■ Required action
Beginning with the line that has "gesamt 12. Platz" and ending with the line that has "Далее приступаем к", retype the entries below exactly, except for the pictures.

■ Data items
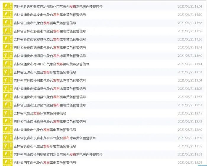 截至21日15时,吉林省已连发44个雷电、冰雹、暴雨气象灾害警报与预警信号。
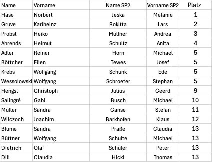 • Doppel „Spiel um Platz 3“ Trostrunde (4. Platz) gesamt 12. Platz
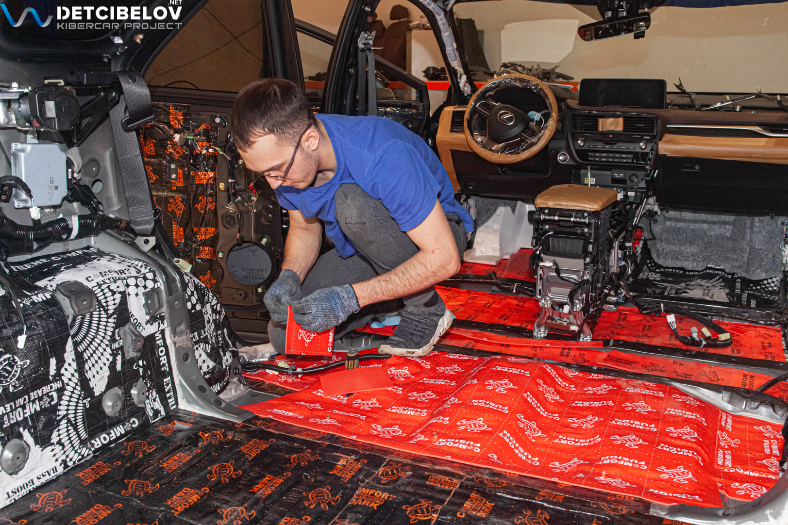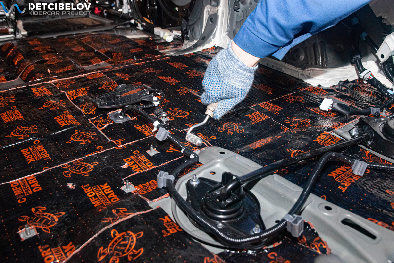 Далее приступаем к самой ответственной части шумоизоляции автомобиля – пола, багажника и внутренних колесных арок. Данный этап начинается с полного демонтажа сидений, ковров, обшивок и т.д. – ничего не должно мешать проводимым работам.
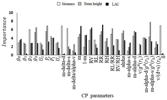 In this paper, we used the Random Forest package in the R software for our studies. The number of regression trees (ntree in R) was optimized using the training dataset and RMSE to find the values that could best predict the growth parameters. The number of input variables per node (mtry in R) was tested from 1/3 to the whole number of CP parameters, and then, the mtry values yielding the lowest RMSE were selected. Meanwhile, in this study, SAR observations at P1 contained little vegetation information, and at P5, as the crop entered into the productive and harvest stage, which seemed to be too late for farm practice, also showed fluctuated values for most of the CP parameters; as a result, only P2, P3 and P4 were stable and selected for the inversion of growth parameters [27].
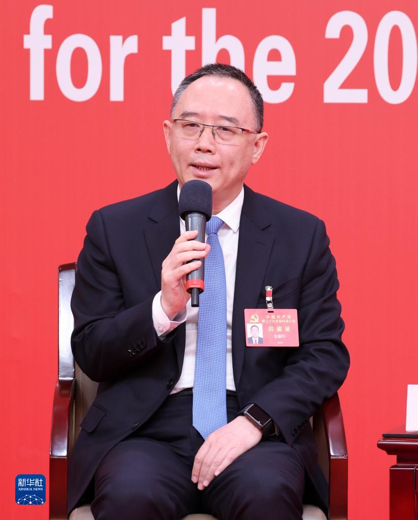 10月18日,中國共產(chǎn)黨第二十次全國代表大會新聞中心舉行集體采訪,請北京、天津、河北、山西、內(nèi)蒙古、遼寧、吉林代表團新聞發(fā)言人出席,介紹代表團學(xué)習(xí)討論二十大報告情況,并回答記者提問。這是天津市委副書記金湘軍在回答記者提問。新華社記者 張玉薇 攝

■ Response area
 • Doppel „Spiel um Platz 3“ Trostrunde (4. Platz) gesamt 12. Platz
 Далее приступаем к самой ответственной части шумоизоляции автомобиля – пола, багажника и внутренних колесных арок. Данный этап начинается с полного демонтажа сидений, ковров, обшивок и т.д. – ничего не должно мешать проводимым работам.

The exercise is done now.